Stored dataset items
+ + +

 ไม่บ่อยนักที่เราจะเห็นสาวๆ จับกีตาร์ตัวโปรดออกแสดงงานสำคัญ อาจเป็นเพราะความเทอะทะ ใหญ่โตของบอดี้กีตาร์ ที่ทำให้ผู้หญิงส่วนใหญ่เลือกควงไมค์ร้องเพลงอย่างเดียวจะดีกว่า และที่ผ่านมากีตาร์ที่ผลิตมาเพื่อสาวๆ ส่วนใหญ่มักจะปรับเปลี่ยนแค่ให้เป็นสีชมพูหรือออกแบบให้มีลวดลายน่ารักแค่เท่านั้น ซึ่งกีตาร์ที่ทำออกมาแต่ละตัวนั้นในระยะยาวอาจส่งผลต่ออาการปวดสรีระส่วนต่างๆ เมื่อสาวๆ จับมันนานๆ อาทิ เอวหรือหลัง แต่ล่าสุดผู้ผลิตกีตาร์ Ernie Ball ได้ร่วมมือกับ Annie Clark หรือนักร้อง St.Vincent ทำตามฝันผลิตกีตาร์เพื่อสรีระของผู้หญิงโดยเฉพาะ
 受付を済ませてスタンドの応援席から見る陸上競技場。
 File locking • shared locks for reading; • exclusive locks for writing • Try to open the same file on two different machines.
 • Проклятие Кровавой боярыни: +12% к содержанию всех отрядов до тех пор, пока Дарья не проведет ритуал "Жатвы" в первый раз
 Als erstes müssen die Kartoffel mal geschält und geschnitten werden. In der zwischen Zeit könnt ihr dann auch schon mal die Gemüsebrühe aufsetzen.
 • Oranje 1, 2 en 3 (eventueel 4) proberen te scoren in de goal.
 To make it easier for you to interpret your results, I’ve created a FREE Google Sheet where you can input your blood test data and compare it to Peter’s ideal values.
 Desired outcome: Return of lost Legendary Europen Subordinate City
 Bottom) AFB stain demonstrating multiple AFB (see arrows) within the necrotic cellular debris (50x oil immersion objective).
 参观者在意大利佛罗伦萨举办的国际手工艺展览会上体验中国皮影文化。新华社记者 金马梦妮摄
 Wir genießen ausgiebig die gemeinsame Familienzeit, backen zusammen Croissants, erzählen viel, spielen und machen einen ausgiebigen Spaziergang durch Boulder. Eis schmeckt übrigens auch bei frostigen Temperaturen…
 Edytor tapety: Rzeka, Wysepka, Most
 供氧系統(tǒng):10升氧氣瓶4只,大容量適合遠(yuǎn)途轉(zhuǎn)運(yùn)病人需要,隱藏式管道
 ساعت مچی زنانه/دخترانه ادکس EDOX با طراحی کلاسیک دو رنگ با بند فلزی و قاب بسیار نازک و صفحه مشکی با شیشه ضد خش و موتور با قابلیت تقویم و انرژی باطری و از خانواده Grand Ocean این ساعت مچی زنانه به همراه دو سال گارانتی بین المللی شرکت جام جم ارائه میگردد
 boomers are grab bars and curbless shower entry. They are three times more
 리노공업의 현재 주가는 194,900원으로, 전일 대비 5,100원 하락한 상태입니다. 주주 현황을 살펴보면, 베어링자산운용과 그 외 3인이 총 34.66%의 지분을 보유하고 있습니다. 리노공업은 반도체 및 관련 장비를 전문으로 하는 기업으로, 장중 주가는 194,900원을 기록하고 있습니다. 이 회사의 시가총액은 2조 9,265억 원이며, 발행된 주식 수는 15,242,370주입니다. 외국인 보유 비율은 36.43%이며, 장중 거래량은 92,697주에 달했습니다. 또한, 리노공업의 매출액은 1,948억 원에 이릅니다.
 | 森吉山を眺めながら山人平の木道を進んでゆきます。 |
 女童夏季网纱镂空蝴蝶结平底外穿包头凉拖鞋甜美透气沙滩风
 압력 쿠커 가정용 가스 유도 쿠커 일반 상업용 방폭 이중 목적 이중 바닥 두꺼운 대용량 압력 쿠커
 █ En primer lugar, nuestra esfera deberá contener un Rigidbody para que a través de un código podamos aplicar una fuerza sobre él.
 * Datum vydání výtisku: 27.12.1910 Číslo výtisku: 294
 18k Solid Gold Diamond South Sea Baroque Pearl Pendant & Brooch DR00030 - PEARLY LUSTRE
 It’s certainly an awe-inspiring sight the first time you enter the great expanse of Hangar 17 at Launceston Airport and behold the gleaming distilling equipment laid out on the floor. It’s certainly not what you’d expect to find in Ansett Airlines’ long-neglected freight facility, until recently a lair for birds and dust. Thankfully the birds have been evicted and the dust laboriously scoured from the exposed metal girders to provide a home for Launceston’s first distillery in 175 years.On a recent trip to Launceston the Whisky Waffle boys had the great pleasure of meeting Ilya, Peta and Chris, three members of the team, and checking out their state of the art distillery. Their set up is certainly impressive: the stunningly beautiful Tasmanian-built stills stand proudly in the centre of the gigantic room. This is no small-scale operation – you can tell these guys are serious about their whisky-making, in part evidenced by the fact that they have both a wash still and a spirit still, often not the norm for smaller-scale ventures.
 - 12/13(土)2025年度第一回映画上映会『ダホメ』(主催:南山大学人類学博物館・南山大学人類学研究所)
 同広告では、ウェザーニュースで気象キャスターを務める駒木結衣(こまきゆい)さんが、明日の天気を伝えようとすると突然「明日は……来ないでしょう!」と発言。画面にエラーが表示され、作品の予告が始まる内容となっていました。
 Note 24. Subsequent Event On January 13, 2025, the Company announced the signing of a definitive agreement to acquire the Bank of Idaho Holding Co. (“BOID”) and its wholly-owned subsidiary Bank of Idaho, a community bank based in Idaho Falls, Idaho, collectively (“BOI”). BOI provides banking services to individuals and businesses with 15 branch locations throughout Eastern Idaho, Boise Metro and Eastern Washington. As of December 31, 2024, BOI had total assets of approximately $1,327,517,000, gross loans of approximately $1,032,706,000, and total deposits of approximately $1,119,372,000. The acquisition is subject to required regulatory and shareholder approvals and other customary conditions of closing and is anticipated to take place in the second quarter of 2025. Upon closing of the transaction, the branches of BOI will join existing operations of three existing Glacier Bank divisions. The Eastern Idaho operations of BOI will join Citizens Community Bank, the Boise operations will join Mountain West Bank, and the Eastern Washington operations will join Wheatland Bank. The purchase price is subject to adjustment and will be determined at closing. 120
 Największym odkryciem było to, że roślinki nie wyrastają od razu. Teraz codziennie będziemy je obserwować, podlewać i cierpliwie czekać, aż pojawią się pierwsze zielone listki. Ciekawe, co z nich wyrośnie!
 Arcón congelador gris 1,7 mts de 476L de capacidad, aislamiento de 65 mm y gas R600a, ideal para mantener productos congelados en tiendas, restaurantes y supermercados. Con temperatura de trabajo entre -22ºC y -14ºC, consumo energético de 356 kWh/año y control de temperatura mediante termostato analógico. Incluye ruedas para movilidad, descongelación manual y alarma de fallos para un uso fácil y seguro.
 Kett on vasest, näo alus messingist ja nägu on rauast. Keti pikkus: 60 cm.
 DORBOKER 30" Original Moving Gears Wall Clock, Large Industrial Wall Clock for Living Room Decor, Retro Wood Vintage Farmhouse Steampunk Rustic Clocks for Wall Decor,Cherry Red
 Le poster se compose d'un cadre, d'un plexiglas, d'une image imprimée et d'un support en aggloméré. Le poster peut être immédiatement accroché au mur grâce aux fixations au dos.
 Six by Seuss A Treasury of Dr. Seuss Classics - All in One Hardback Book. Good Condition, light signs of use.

+ + +

• **WORK REQUEST**
In the entries above, find each line that includes the string "para" and copy it.

• **TASK OUTPUT**
 █ En primer lugar, nuestra esfera deberá contener un Rigidbody para que a través de un código podamos aplicar una fuerza sobre él.
 Arcón congelador gris 1,7 mts de 476L de capacidad, aislamiento de 65 mm y gas R600a, ideal para mantener productos congelados en tiendas, restaurantes y supermercados. Con temperatura de trabajo entre -22ºC y -14ºC, consumo energético de 356 kWh/año y control de temperatura mediante termostato analógico. Incluye ruedas para movilidad, descongelación manual y alarma de fallos para un uso fácil y seguro.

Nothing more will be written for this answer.